◆ **EXERCISE AIM**: Give back an exact copy of the lines in the records below, from the line that has "Panchetta in legno" through the line that has "Набор детских заколок", and nothing besides.

◆ **DATA EXTRACTS**:
____

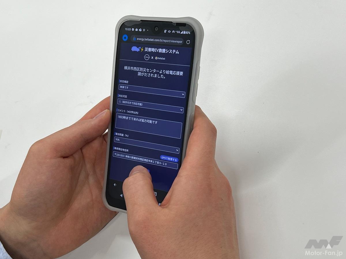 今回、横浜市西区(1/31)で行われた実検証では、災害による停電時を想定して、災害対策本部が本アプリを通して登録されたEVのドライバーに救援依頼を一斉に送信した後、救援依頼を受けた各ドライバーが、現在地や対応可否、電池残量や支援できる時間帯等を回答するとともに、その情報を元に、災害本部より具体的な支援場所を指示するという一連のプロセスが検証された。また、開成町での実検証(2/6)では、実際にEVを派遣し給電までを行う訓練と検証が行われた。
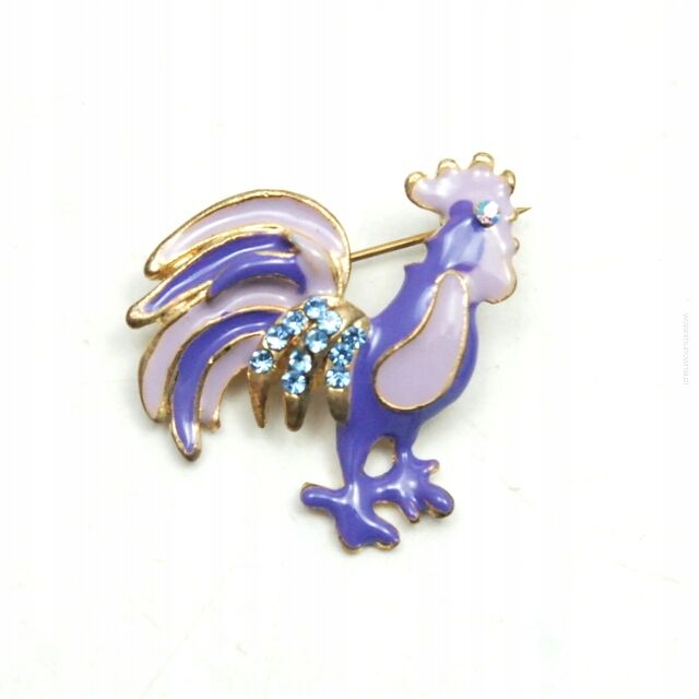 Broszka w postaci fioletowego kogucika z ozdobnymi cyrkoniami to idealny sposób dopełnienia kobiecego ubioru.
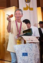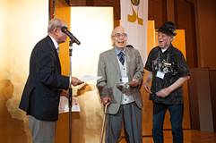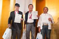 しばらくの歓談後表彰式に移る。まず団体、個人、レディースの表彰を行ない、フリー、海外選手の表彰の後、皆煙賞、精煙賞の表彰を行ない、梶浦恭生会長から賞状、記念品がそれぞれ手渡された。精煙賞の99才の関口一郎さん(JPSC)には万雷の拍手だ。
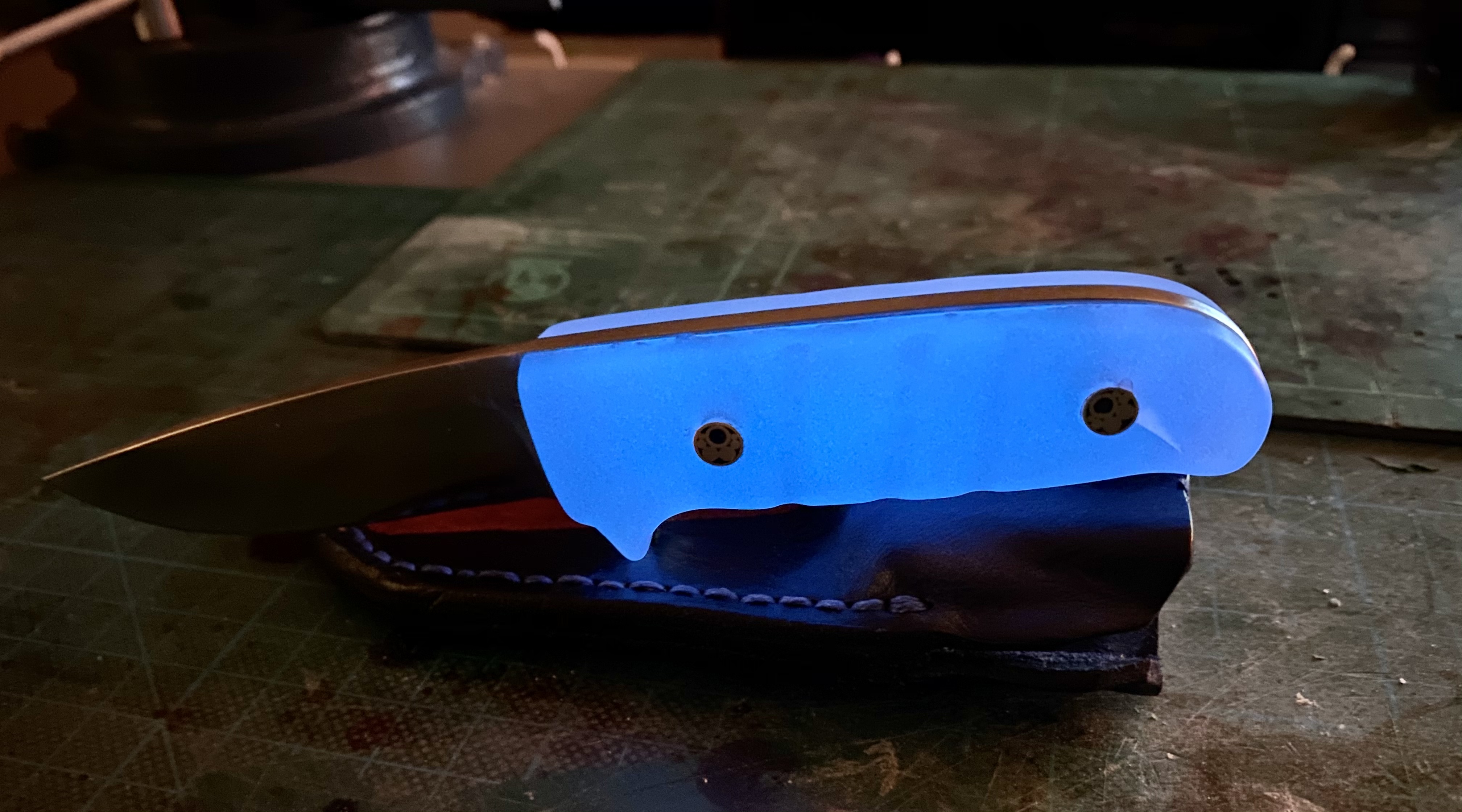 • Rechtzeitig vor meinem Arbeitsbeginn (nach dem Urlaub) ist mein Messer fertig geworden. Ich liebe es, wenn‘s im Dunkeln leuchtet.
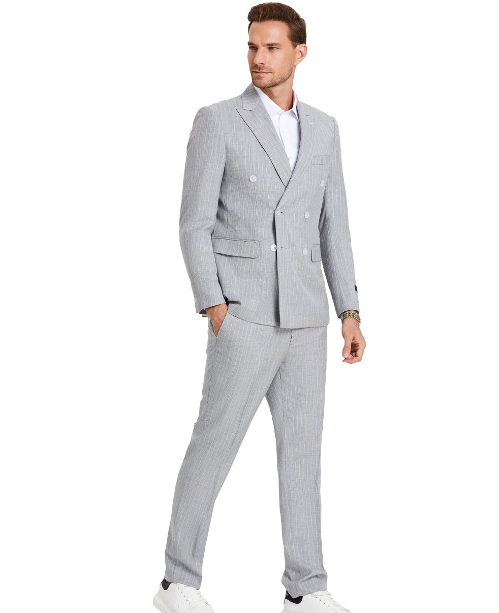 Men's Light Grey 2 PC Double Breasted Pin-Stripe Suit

____

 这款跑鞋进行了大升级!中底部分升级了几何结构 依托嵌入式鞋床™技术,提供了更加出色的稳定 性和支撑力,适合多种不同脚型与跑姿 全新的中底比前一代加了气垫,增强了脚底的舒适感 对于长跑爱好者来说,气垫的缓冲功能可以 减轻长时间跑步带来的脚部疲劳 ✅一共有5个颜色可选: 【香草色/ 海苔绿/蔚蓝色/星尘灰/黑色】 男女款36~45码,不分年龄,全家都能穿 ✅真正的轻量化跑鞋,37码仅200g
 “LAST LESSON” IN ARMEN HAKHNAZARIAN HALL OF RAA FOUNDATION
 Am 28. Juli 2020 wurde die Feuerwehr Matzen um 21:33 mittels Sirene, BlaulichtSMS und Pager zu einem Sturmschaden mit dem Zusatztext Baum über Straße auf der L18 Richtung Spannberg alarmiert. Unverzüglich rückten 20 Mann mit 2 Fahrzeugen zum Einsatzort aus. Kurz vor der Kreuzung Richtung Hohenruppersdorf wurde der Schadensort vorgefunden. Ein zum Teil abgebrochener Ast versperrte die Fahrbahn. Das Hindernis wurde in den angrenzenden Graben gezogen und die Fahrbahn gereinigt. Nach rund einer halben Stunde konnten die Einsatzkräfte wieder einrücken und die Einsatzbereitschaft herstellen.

____

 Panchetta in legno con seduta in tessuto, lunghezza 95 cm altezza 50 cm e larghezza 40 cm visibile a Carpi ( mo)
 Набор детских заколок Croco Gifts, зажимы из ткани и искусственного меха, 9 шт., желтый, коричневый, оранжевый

____

◆ **EXERCISE SOLUTION**:
 Panchetta in legno con seduta in tessuto, lunghezza 95 cm altezza 50 cm e larghezza 40 cm visibile a Carpi ( mo)
 Набор детских заколок Croco Gifts, зажимы из ткани и искусственного меха, 9 шт., желтый, коричневый, оранжевый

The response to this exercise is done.